Soybean is one of those oils that in large quantities tends to get DOS. Try using it at about 15% of your total oils. That's the max I usually see people use soybean (I don't use it). 25% coconut, and then 60% olive oil. Yes, its a little heavy on the OO so maybe a full 6-8 weeks to cure, but superfat that puppy at 7-8% and I think it would be pretty good.


----------



## Lindy (Mar 12, 2013)

* Sigh* Poor olive oil gets such a tough rap. Unless you are making Castille (100% Olive Oil) a 3 - 4 week cure is all you need.  Olive oil makes a very hard bar of soap.  The reason they call for such a long cure on Castille is that you want it not be as slimy and the longer you cure it the nicer it becomes.  That actually holds true for any soap you make, the longer the cure, the nicer the later.  Put a couple aside and try them in 3, 6 & 12 months.


----------



## VanessaP (Mar 12, 2013)

True, olive does get smacked down a lot LOL But I don't know if she gels or not, so 6 weeks could be necessary. I like to do 6-8 weeks if I don't gel my CP, no matter if I used 0% olive or 75% olive.. Luckily, I prefer to do HP most of the time, but I even give my HP 3-4 weeks curing. So, to each their own


----------



## Mildreds.naturals (Mar 13, 2013)

jessicascandles said:


> Hello everyone. I'm new here and this is my first post here. I have just started making cp soap three days ago. I have been doing research and watching videos for months, so I am so very excited to start experimenting. It's becoming an obsession.
> 
> Anyway, I have a quick question about labeling. As a beginner, I just have some basic ingredients to start with so I get to know the process before I get more expensive ingredients. One of my first recipes I have tried uses crisco. My question would be, if I choose to sell this down the road, how would I label it.
> 
> ...



Crisco is also a brand name, which I don't think you can use without permission.  Just list the ingredients of the crisco you used.  

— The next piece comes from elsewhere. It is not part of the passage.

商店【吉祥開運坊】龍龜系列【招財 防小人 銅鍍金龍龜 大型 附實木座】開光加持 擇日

Not to highjack your thread, but I also have a question regarding labeling.  It's most common to list ingredients from highest to lowest, right? I'm a little thrown of by	 the Dr. Bronner's brand lists the ingredients in this order:
Water, coconut oil, KOH and THEN olive oil, lavandin extract, hemp oil, jojoba oil, lavander extract, citric acid and tocopherol.

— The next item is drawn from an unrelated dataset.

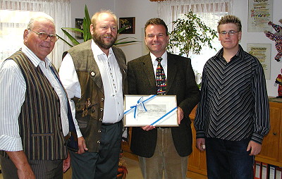 Neues Dienstleistungsunternehmen in Eberbach Vater Friedrich Müller, Günter Müller, Bernhard Martin und Sohn Benjamin Müller bei der Überreichung eines Geschenkes der Stadt Eberbach an den Firmengründer. (Foto:Claussen)

I don't understand their labeling. this says that the ingredient makeup has more KOH than Olive oil. I know the citric acid and tocopherol are in VERY tiny amounts compared to the rest of the ingredients. But are they saying that this soap is mostly coconut? It bubbles nicely but isn't super drying like I would guess it woudl be if it had say 51% coconut and 49% olive. What do you think?

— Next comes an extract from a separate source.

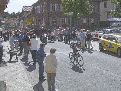 Bergwertung am Bürgerhaus in Beerfelden Der Franzose Frederic Gabriel vom Team MBK Oktos bei der Zeitnahme am Bürgerhaus in Beerfelden. (Foto:privat)(tw) (kj)Die erste Etappe der Hessenrundfahrt 2003 wurde am 3. September in Frankfurt gestartet. Die 177 km lange Etappe führte durch den Odenwald, kam durch Beerfelden und endete in Griesheim. 126 Rad-Profis nutzen die Hessen-Rundfahrt als Vorbereitung auf die Weltmeisterschaft. Das Team Gerolsteiner schickt den österreichischen Sprinter René Hasselbach, Team Telekom 2003, Daniele Nardello aus Italien ins Rennen. Für das Team Gerolsteiner war zudem Vorjahressieger Uwe Peschel mit dabei. Team Telekom war mit Lokalmatador Kai Hundertmarck, Daniele Nardello (dem Gewinner von Züri-Metzgete), Matthias Kessler und Andreas Klöden prominent besetz. Die beiden Telekom-Asse Winokurow und Salvodelli hatten aber kurzfristig abgesagt. Die Durchfahrt der Spitze wurde in der "Stadt am Berge" gegen 14.09 Uhr erwartet, wo am Bürgerhaus eine Bergwertung anstand, und pünktlich traf die Spitze des Feldes hier ein. 18 Fahrer hatten sich von Hauptfeld bereits abgesetzt und bis Beerfelden einen Vorsprung von 5 Minuten herausgefahren. Die Bergwertung in Beerfelden entschied der Franzose Frederic Gabriel vom Team MBK Oktos für sich (unser Foto). Auf den Plätzen zwei und drei folgten die beiden belgischen Fahrer Axel Merckx und Christophe Brandt aus dem Team Lotto-Domo. Die beiden Esten hatten so auch die erste Bergwertung in Hassenroth für sich entschieden. Die Spitzengruppe hatte sich dann auf 20 Fahrer vergrößert, fiel aber, nachdem sich Axel Merckx mit den beiden Franzosen Hary Maryan vom Team Brioches la Boulangere und der Cedric Vasseur vom Team Cofidis absetzen konnte, auseinander. Beim Zielspurt in Griesheim setzte sich vor 2000 Zuschauern Cédric Vasseur durch, knapp dahinter fuhr Hary Maryan über die Linie; ebenfalls noch zeitgleich nach 4:08:15 Stunden kam der Belgier Axel Merckx an. Bester deutscher Fahrer war Björn Glasner vom Team Lamonta mit 46 Sekunden Rückstand auf den Sieger. Das Hauptfeld kam mit 28:31 Minuten Rückstand ins Ziel. Bei der ersten Etappe gewann Frédéric Gabriel drei Bergwertungen, die vierte ging an Axel Merckx und Cédric Vasseur ist nicht nur Träger des Gelben Trikots sondern bislang auch bester Sprinter. Trotz des gemäßigten Tempos im Hauptfeld erreichten neun Fahrer Griesheim nicht. Unter anderen vier "Profis" der so genannten amerikanischen Nationalmannschaft. Damit starteten bei der zweiten Etappe nur noch 117. Die Hessenrundfahrt endet am Sonntag, 7. September, gegen 16.15 Uhr, nach rund 900 km in Wiesbaden.

This is how I would label it:

Saponified vegetable oil /w retained gylcerin (Hydrogenated palm & soybean oils, olive oil and coconut oil), distilled water, Castor oil, Essentail oil of (name) for fragrance

If you put "fragrance" people will think they are synthetic, so if they are, please continue to use "fragrance" but if you want to promote a more natural sounding product list the actual essential oils that are used. Also, Lye is not necessarily needed to be named since it is not an ingredient. Hydrochloric acid and Sodium Hydroxide together make table salt. but you don't see that listed on a can of epsom salt 

If you get too scientific and start listing items with their chemical name you may make the product sound too complex or people will think it's not natural. And I may be mistaken but I think the methodology you were refering to in the second part was more along the lines of:

Sodium palmate, sodium cocoate, glycerol, H2O, etc....


----------



## VanessaP (Mar 13, 2013)

For a 1lb batch of oils, I used 80% olive oil and 20% cocoa butter. When I do the calculations on the SBM calculator for a 2% superfat, I get the exact same amount of KOH as I do cocoa butter. Set that to -10, and it comes out 0.4oz more KOH which is 22.5%. The jojoba and hemp oil are most likely added superfat after the dilution process due to the price of those oils.


----------



## Lindy (Mar 13, 2013)

Reading Dr. Bronnor's then yes I think Coconut is the main oil in the soap and that there is more KOH than Olive Oil.  However it is completely possible.

In the USA you can pretty much label it any way you want and not be wrong.  I think you are the only country that can get away with that.  As far as I know the rest of us must use INCI.  Of course I could be wrong as to whether other countries can label the same as the US..... :???:


----------



## whitetulips (Mar 17, 2013)

What is INCI?


----------



## gratia (Mar 17, 2013)

International Nomenclature of Cosmetic Ingredients. INCI.  Basically it is the scientific? name of something.


----------



## Lindy (Mar 17, 2013)

It is the internationally agreed upon language used when referring to cosmetic ingredients.  Some is scientific, some are botanical names and others are their own particular language.  The book is really, really expensive!


----------



## Mommysoaper (Mar 17, 2013)

If you're really serious about wanting to sell soap in the future and want to learn about correct labeling, read _Soap and Cosmetic Labeling How to Follow the Rules and Regs in Plain English_ by Marie Gale.  There is a chapter in the book specifically geared toward labeling soaps correctly.  I found it very helpful.  Also, research what your state requires for labeling laws since, amazingly, some states rules and regs may add to federal laws as to what is required on your soaps.  Have fun soaping and definitely learn all you can before selling.  Good luck!


----------



## Lindy (Mar 17, 2013)

Although I know you are not in Canada for those who are Canadian and following this thread, here is the link to labeling in Canada http://www.hc-sc.gc.ca/cps-spc/pubs/indust/cosmetics-cosmetiques/index-eng.php


----------